To get out of this puzzle, we will form a new chain after ∂Y/∂h2. ‘h2’ is not only varying with θ2 but also with a1i, and we can take the route of a1i to reach θ1 variable and calculate the partial derivative. So, let’s estimate ∂h2/∂a1i:
h2 = Σθ2i.a1i = θ21.a11 + θ22.a12 + θ23.a13
∂h2/∂a1i = θ2i
Step 4: Now, ‘a1i’ can be represented as ‘h1i’, and we can increase the chain till h1i.
a1i = 1/(1+exp(-h2i))
∂a1i/∂h1 = exp(-h1)/(1+exp(-h1))^2
After this, as h1 can be represented using θ1(j, i), let’s quickly find the partial derivative of h1 w.r.t. the θ1, and our job will be done.
h1 = Σθ1(j,i).xi
∂h1/θ1(j,i) = xi
L.H.S. = R.H.S.
∂J/∂θ1i = ∂J/∂Y * ∂Y/∂h2 * ∂h2/∂a1i * ∂a1i/∂h1 * ∂h1/θ1(j,i)

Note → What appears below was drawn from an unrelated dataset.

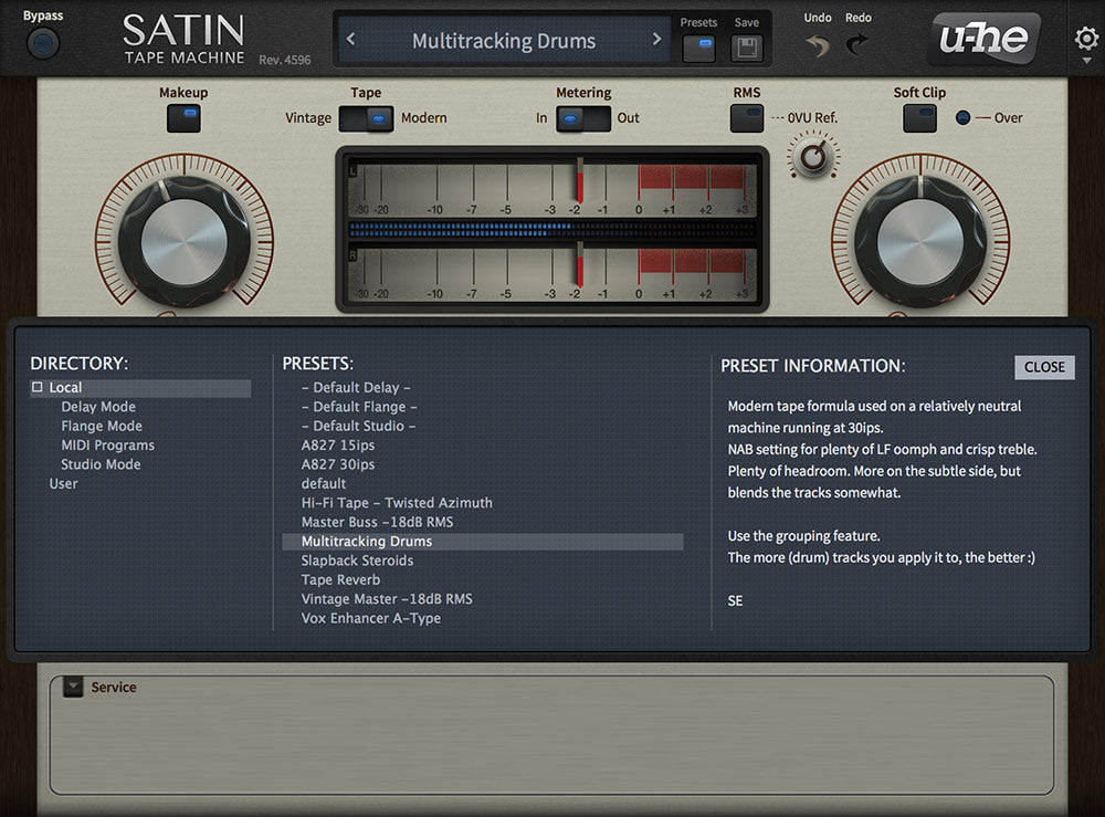 Tape Simulation Plug-In (Download)Scalable tape saturation in the modular principle through freely combinable elementsGrouping function for cross-track usageBelt speeds of 4.75 - 76.2 cm / sTwo types of...

As we know all the terms in the RHS, we can easily calculate the LHS part.
Visit each node of neural network in reverse topological order
Get the representation of variable J in terms of output Y and calculate ∂J/∂Y
For all learnable paramaters:
Represent Y in terms of previous variable and extend the chain rule until
the learnable paramters
This completes the backward propagation for our defined neural network architecture. But before wrapping this session on backpropagation, let’s quickly see how these gradients will be used later.

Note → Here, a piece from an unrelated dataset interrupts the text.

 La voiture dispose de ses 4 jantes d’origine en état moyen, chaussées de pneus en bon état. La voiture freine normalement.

Once these gradients are calculated, the job of the optimization algorithm will start. We have selected the basic gradient descent as our optimization algorithm; let’s see how it will use these gradients. The Pseudo code for the gradient descent algorithm is:
repeat until convergence {
for all i:
θ1i = θ1 - α * ∂J/∂θ1i
for all i:
θ2i = θ2i - α * ∂J/∂θ2i
}
In the update part of the equation, θ1-α * ∂J/∂θ1i, gradient helps optimization algorithms to decide whether to increase or decrease parameters. If the gradient is +ve, θ will be reduced to achieve the minimum of the cost function. Similarly, if the gradient is -ve, θ will be increased to achieve a minimum of the cost function.
That’s it for this blog, and we hope you enjoyed the article.

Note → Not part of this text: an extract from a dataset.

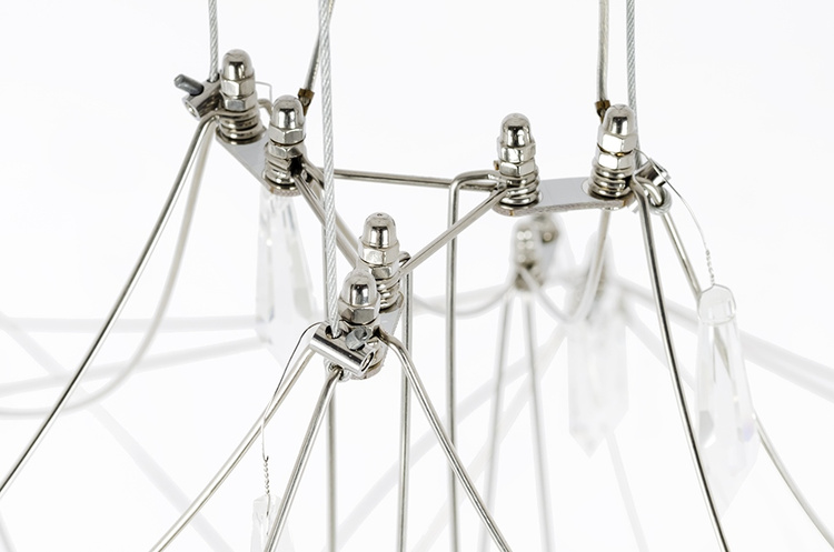 Metalowa pajęczyna, połączona z ledowymi źródłami światła tworzy wyjątkowo elegancką konstrukcję.

Backpropagation or backward propagation is a step in neural networks that gets executed only at the time of training and is responsible for calculating the gradients of the cost function with respect to the learnable parameters. It is considered one of the most important and renowned topics in ANN, which we discussed in this blog. In the last, we also saw the application of the chain rule in backpropagation to compute gradients. If you are reading this, we hope you enjoyed the article.